Sep 4 at 14:54 comment added Questor @schroeder They aren't intercepting private communications accidently.
Sep 4 at 1:12 comment added R.. GitHub STOP HELPING ICE @jrw32982: The feeling that I can't trust my private communications aren't being intercepted by someone is already a concrete harm, even if nobody ever bothers to intercept them. The breaking of certificate trust is not just allowing harmful behavior. It is a harmful behavior.
Sep 3 at 18:30 comment added jrw32982 One definition of malicious: Having the nature of or resulting from malice; deliberately harmful; spiteful. So, at its face value, it's not malicious if there is no intent to be harmful. However, I tend to agree that any attempt to defeat privacy is indirectly malicious, since defeating privacy directly enhances the capability of allowing harmful behavior.
Aug 30 at 15:15 comment added R.. GitHub STOP HELPING ICE There absolutely does not need to be any further intent to do something nefarious with the information intercepted for it to be malicious. Just the act of undermining privacy of the communication is in itself already malicious. If you disagree with this, you just have a fundamental difference of values incompatible with the school of infosec to which I and the other folks here belong, and that's more in line with the cop school of infosec... >_<
Aug 30 at 15:03 comment added schroeder @Questor "malicious" requires intent. "I don't like it" doesn't make it "malicious". And yes, they could end up collecting data they don't want, but these schools tend to have a clear notice and message that everything done on the network, including passwords, can get logged. That way, students can refrain. So, no malicious intent is involved. In Europe, I worked with multiple schools and unis on how to handle unintended data collection.

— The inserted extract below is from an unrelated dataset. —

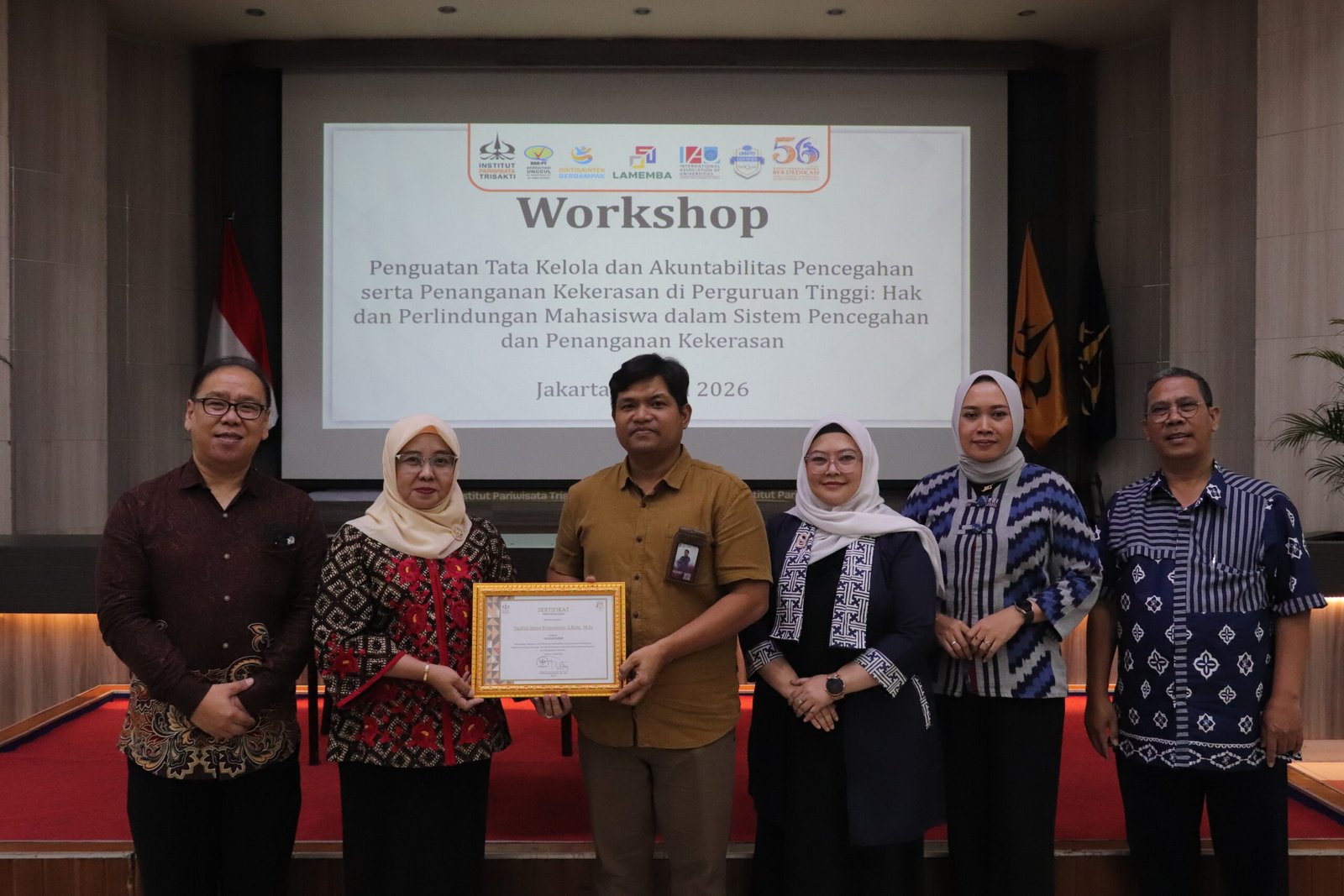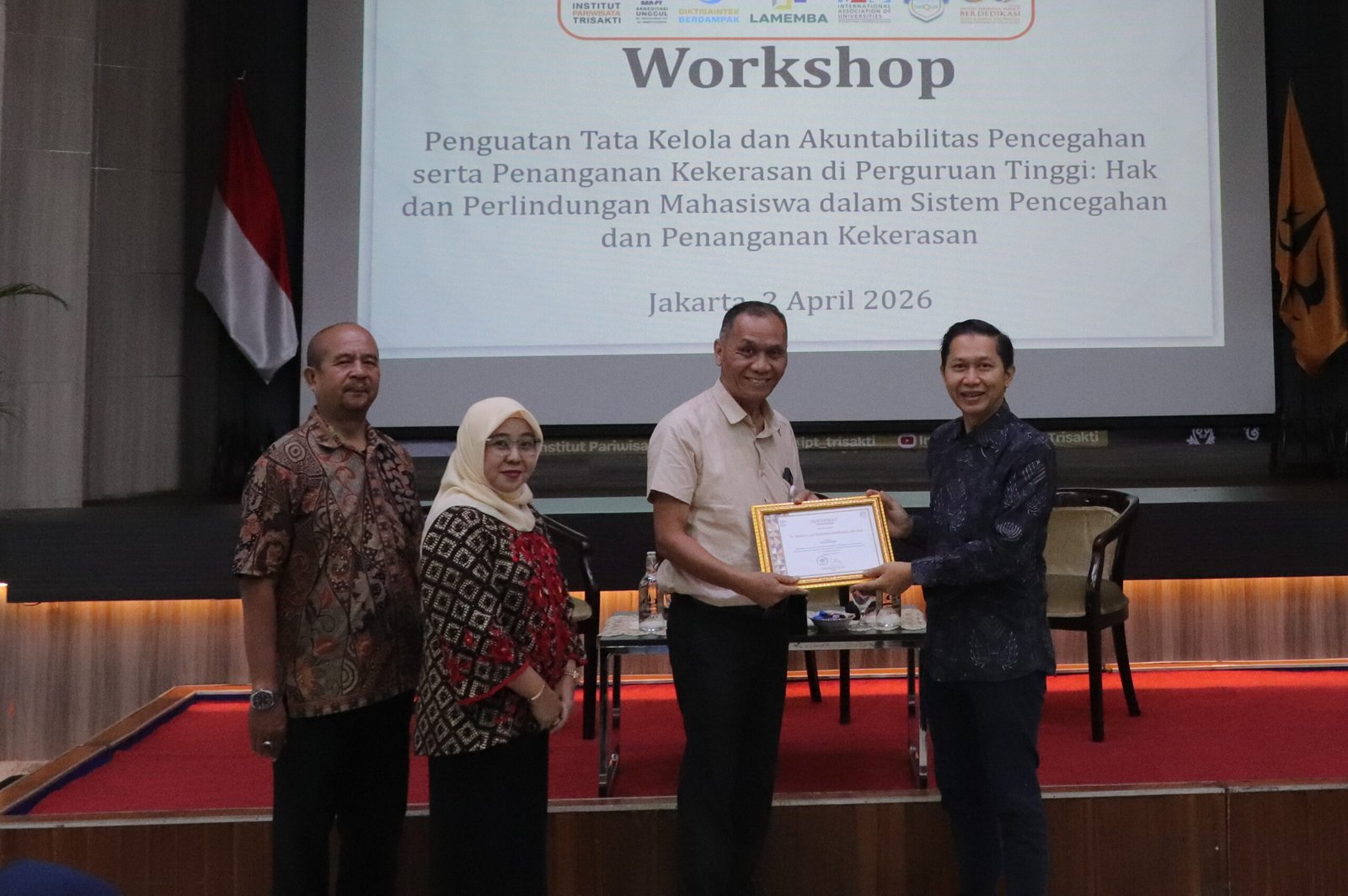 Jakarta, 2 April 2026 — Satuan Tugas Pencegahan dan Penanganan Kekerasan di Perguruan Tinggi (Satgas PPKPT) Institut Pariwisata Trisakti menyelenggarakan Workshop Penguatan Tata Kelola Akuntabilitas Pencegahan serta Penanganan Kekerasan di Perguruan Tinggi dengan tema “Hak dan Perlindungan Mahasiswa dalam Sistem Pencegahan dan Penanganan Kekerasan”. Kegiatan ini berlangsung di Ruang Auditorium IP Trisakti pada Kamis (2/4) dan diikuti oleh dosen, tenaga kependidikan, serta mahasiswa secara luring dan daring.

Aug 30 at 14:29 comment added Questor Yes I know they "wouldn't" use that information for anything bad... just like college professors "don't" sleep with students. Oh wait
Aug 30 at 14:28 comment added Questor But that's just my perspective.... They could instead perform this same protecting the minds of 'innocent' college kids thing thru DNS blocking, which wouldn't give them access to their students personnel information. But they chose the intrusive big brother approach. That is malicious/suspicious in my books.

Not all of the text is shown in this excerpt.